WORK REQUIRED:
Whenever a picture appears, omit it, and set down everything else in the records exactly.

DATASET RECORDS:
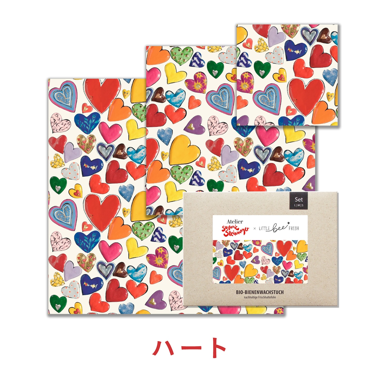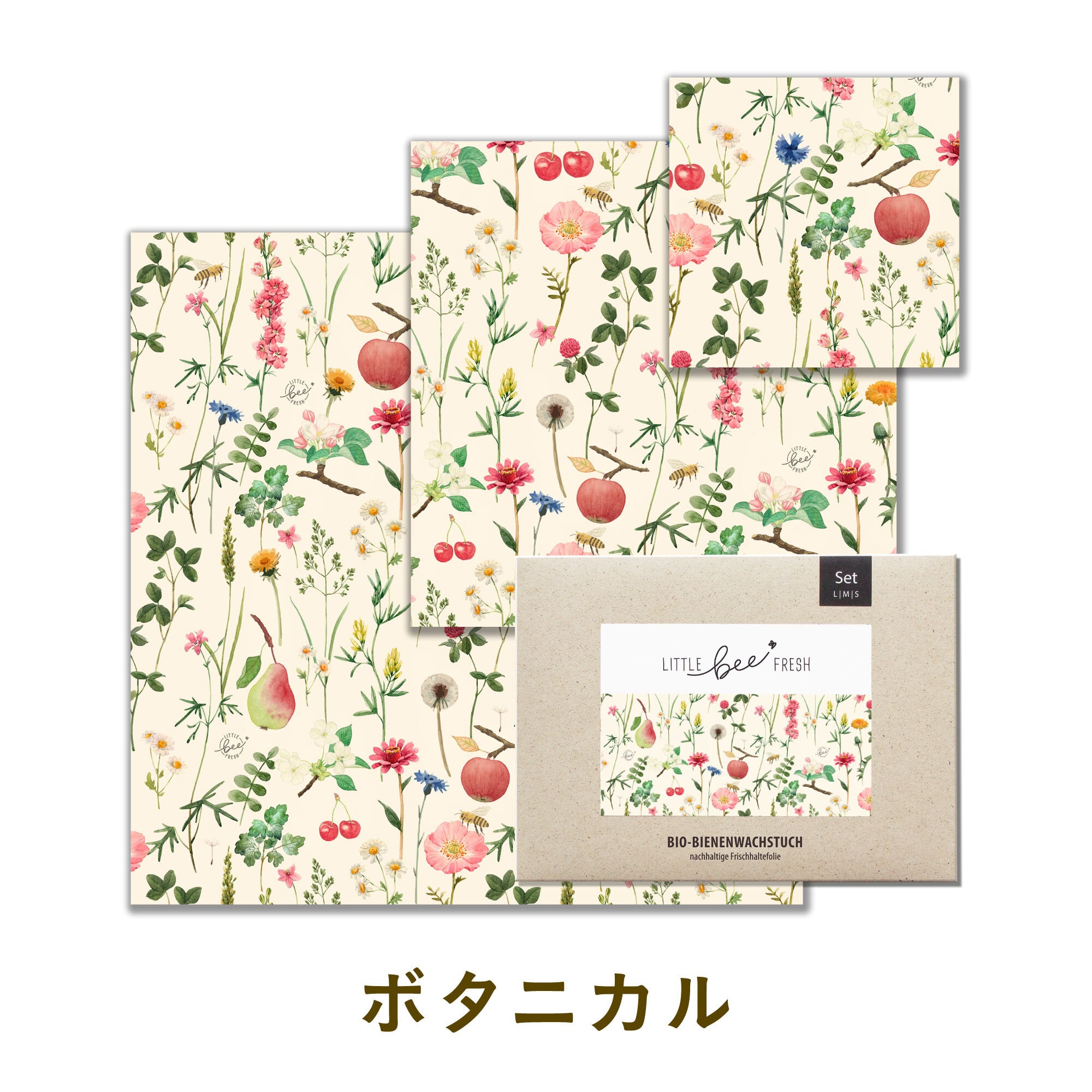 毎日の食材保存に役立つ「みつろうラップ S・M・Lサイズ」と、パンや果物、野菜、焼き菓子などの持ち運びに便利な「みつろうバッグ」を組み合わせた、Little Bee Fresh の定番アイテムを一度に楽しめるセットです。
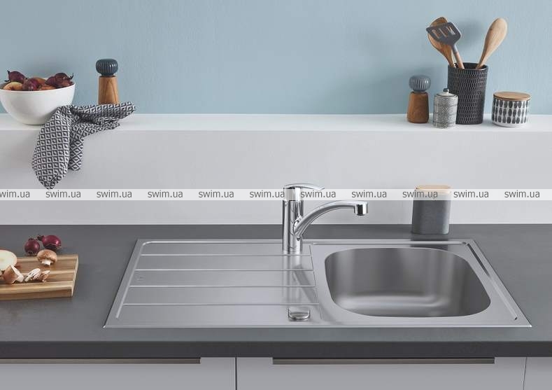Мойка изготовлена из нержавеющей стали марки GROHE StarLight AISI 304, что делает ее долговечной и визуально привлекательной. Система GROHE QuickFix обеспечивает быструю и простую установку и не требует дополнительного оборудования (классический монтаж с профилем 7 мм).
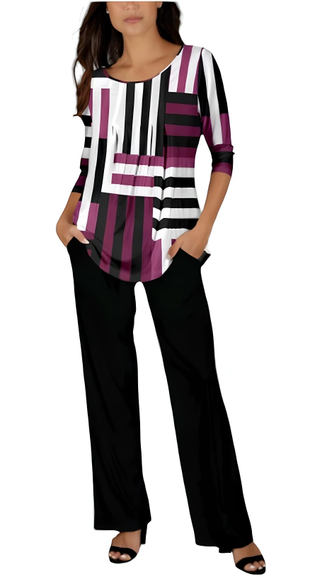 Top: Eye-catching geometric print in black, white, and rich plum – perfect for both casual outings and dressing up. Flattering round neckline with 3/4 sleeves.
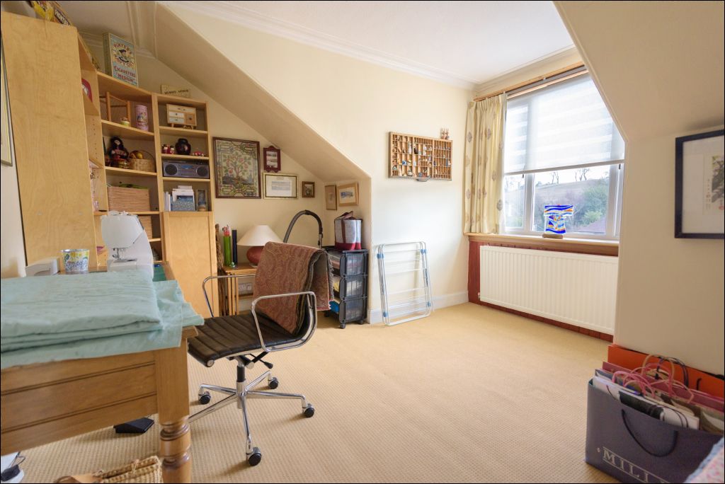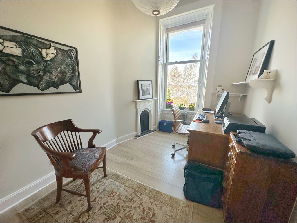 The principal bedroom is a particularly attractive room, featuring a decorative fireplace, detailed cornicing and a peaceful rear outlook over the garden. A further versatile room on this level, currently used as a home office, benefits from a large front-facing window and similar period detailing.
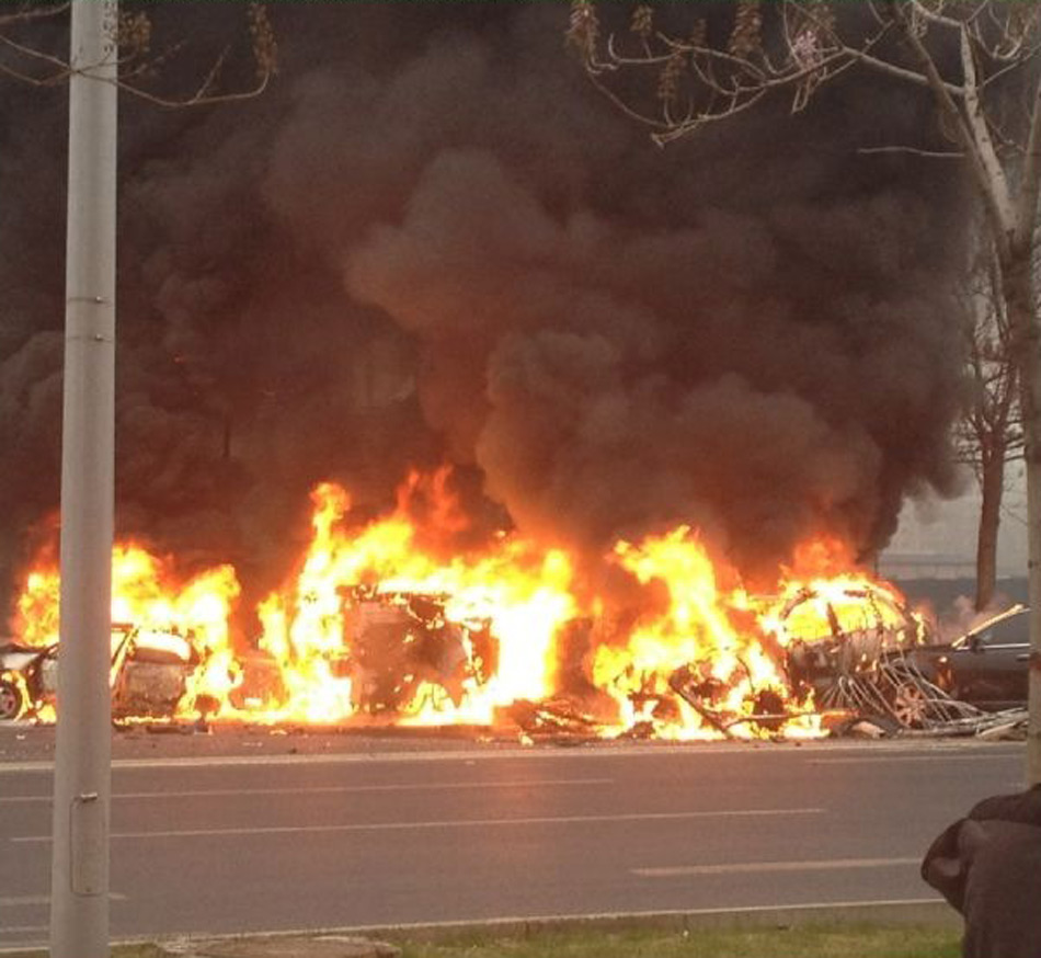 北京4輛轎車(chē)相撞引大火

SOLUTION FOR THIS TASK:
 毎日の食材保存に役立つ「みつろうラップ S・M・Lサイズ」と、パンや果物、野菜、焼き菓子などの持ち運びに便利な「みつろうバッグ」を組み合わせた、Little Bee Fresh の定番アイテムを一度に楽しめるセットです。
Мойка изготовлена из нержавеющей стали марки GROHE StarLight AISI 304, что делает ее долговечной и визуально привлекательной. Система GROHE QuickFix обеспечивает быструю и простую установку и не требует дополнительного оборудования (классический монтаж с профилем 7 мм).
 Top: Eye-catching geometric print in black, white, and rich plum – perfect for both casual outings and dressing up. Flattering round neckline with 3/4 sleeves.
 The principal bedroom is a particularly attractive room, featuring a decorative fireplace, detailed cornicing and a peaceful rear outlook over the garden. A further versatile room on this level, currently used as a home office, benefits from a large front-facing window and similar period detailing.
 北京4輛轎車(chē)相撞引大火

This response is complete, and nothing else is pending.